Eddie Ingram

Cricket information
- Batting: Right-handed
- Bowling: Right-arm medium; Leg spin;

International information
- National side: Ireland;

Career statistics
| Competition | First-class |
| Matches | 31 |
| Runs scored | 766 |
| Batting average | 15.01 |
| 100s/50s | 0/2 |
| Top score | 64 |
| Balls bowled | 6,105 |
| Wickets | 79 |
| Bowling average | 24.00 |
| 5 wickets in innings | 1 |
| 10 wickets in match | 0 |
| Best bowling | 5/48 |
| Catches/stumpings | 11/– |
- Source: CricketArchive, 16 November 2022

= Eddie Ingram =

Irish cricketer (1910–1973)

Edward Ingram (14 August 1910 – 13 March 1973) was an Irish cricketer. A right-handed batsman and right-arm medium pace/leg spin bowler, he played 48 times for the Ireland cricket team between 1928 and 1953 including nineteen first-class matches. He also played county cricket for Middlesex, playing twelve times between 1938 and 1949.

==Playing career==
Ingram was educated at Belvedere College in Dublin. He made his debut for the Ireland cricket team against the MCC in a first-class match ten days before his 18th birthday. He continued to play in the Ireland team, mainly playing against the MCC and Scotland in addition to internationals against Australia and New Zealand.

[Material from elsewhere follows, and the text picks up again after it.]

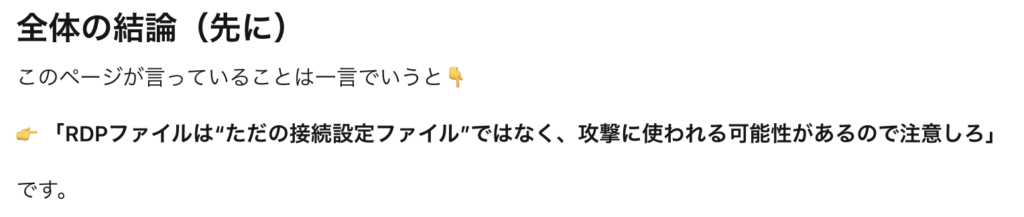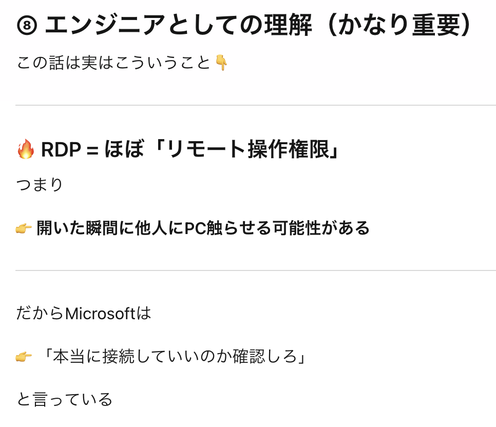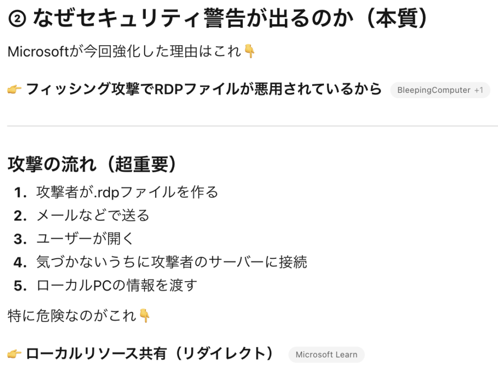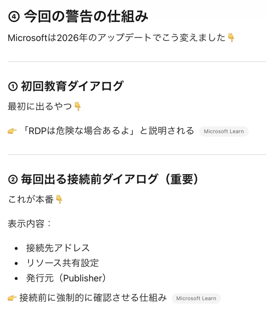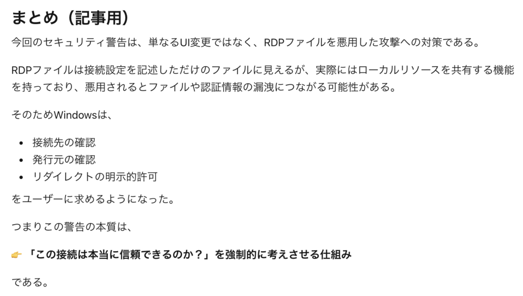 まとめると、RDPファイル経由の接続で警告が表示されるのは、外部ファイル由来のリスクと接続先の信頼性を確認するためであり、フィッシングなどのセキュリティリスクを防ぐための重要な仕組みです。

He began playing for Middlesex in 1938, making his debut in a County Championship match against Worcestershire. He was never a regular in the Middlesex side, which allowed him to continue playing for Ireland, his career interrupted only by the Second World War. He played for Ireland against various English county teams, also playing internationals against Scotland, South Africa and India.

His last game for Middlesex came in June 1949 against Glamorgan, and his last first-class match was for Ireland against Scotland in July 1953 at the age of 42. This was also his last match overall for Ireland.

==Statistics==
In all matches for Ireland, Ingram scored 1628 runs at an average of 20.10, scoring ten half-centuries with a top score of 83 against the MCC in August 1935. He took 151 wickets at an average of 20.12, taking five wickets in an innings seven times, and ten in a match once, with best innings bowling figures of 7/83 against Australia in September 1938. He captained Ireland eight times.

In first-class cricket, he scored 766 runs at an average of 15.01, scoring two fifties with a top score of 64 for Ireland against Scotland. He took 79 wickets at an average of 24.00 with best bowling figures of 5/48 for Ireland against Scotland. For Middlesex his top score was 28 and his best bowling was 3/7.